Conference Coverage

Study: No increased risk of serious AEs with combined urogyn/gyn onc surgery

 

Key clinical point: Concurrent urogynecologic/gynecologic oncology surgery does not increase the risk of serious adverse events.

Major finding: Concurrent surgery patients had more grade 2 complications (44% vs. 19%).

Study details: A retrospective study of 108 cases and 216 matched controls.

Disclosures: Dr. Davidson and Dr. Noone each reported having no disclosures.

Source: Davidson ER et al. SGS 2018, Oral Presentation 13.


 

REPORTING FROM SGS 2018


The median age of all patients was 59 years. Case patients undergoing concurrent procedures were more likely to be older (median of 64 vs. 57 years) and postmenopausal.

“Other statistically significant differences were that women undergoing combined surgery had higher vaginal parity, and were more likely to have undergone preoperative chemotherapy. They were also more likely to have a prior diagnosis of cardiovascular or pulmonary disease,” Dr. Davidson said.
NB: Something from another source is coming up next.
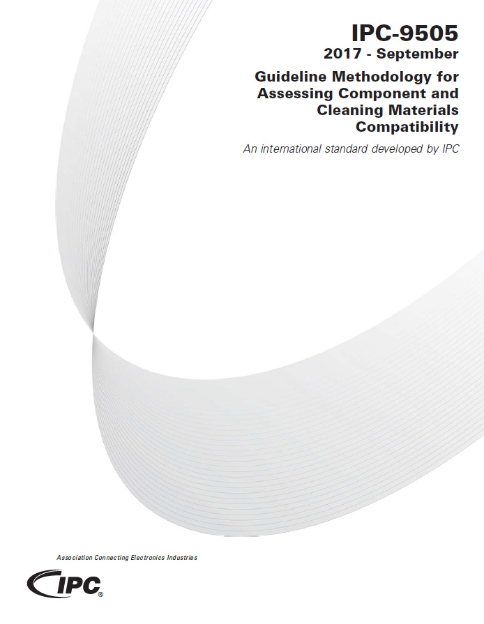 The IPC-9505 standard provides details of test methodologies for cleaning chemistry compatibility with electronic assembly materials that replace those in MIL-STD-202 Method 215 for testing electronic and electrical components such as capacitors, resistors, transformers and inductors. The test methods can also be used, when applicable, to parts not covererd by military specifications or drawings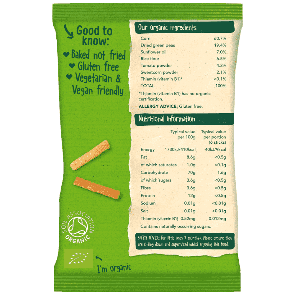 Βιολογικό ψημένο σνακ καλαμποκιού με λαχανικά, κατάλληλο για μωρά άνω των 7 μηνών. Ενθουσιάστε τα μικρά σας ζουζούνια με τα Melty Veggie Sticks! Τα βιολογικά μπαστουνάκια λαχανικών της Organix είναι ένα εξαιρετικό ψημένο σνακ, που δεν τηγανίζεται, κατάλληλο για μωρά άνω των 7 μηνών, Λαχταριστά, αρωματισμένα με πράσινο αρακά, γλυκό καλαμπόκι και τομάτες, είναι απαλά ψημένα, ώστε ενώ είναι τραγανά, να λιώνουν στο στόμα, για ένα ασφαλές σνακ. Είναι σε σχήμα 'στικ' για να τα κρατούν εύκολα τα μικρά δαχτυλάκια, καθιστώντας τα ιδανικά για μωρά που μαθαίνουν να τρέφονται μόνα τους. Ψημένο, όχι τηγανητό/ Χωρίς γλουτένη /Χωρίς προοσθήκη ζάχαρης ή αλατιού /Χωρίς τεχνητά πρόσθετα, χρώματα ή γεύσεις/ Vegan Η Organix εγγυάται πως τα τρόφιμα της προέρχονται από την καλύτερη ποιότητα βιολογικών και φυσικών συστατικών, χωρίς περιττά πρόσθετα, τεχνητές ή χρωστικές ουσίες, ώστε να ταιριάζουν με τις διατροφικές ανάγκες των παιδιών. "That’s the No Junk promise!"

“Women undergoing treatment for suspected gynecologic malignancy have the same or higher prevalence of pelvic floor disorders, compared with the general population, and they may choose to have combined surgery if both subspecialists are available,” she continued. “However, there are limited data regarding the incidence of adverse events in these concurrent procedures, or how often the planned urogynecology portion of the procedure is modified intraoperatively.”

Though limited by factors inherent in retrospective chart review, such as information bias at the time of data collection (which was mitigated by cross-checking data and having only two data collectors), the findings of the current study suggest that “concurrent urogynecologic and gynecologic oncology surgery should be offered to appropriate patients, as adding urogynecology surgery does not increase the risk of serious adverse events,” she concluded, adding that the study “highlights the importance of preoperative counseling, including discussion of the increased risk of minor postoperative adverse events, such as postoperative voiding symptoms and urinary tract infection, as well as discussion of the 10% risk of a change in intraoperative plan in the urogynecologic procedure.”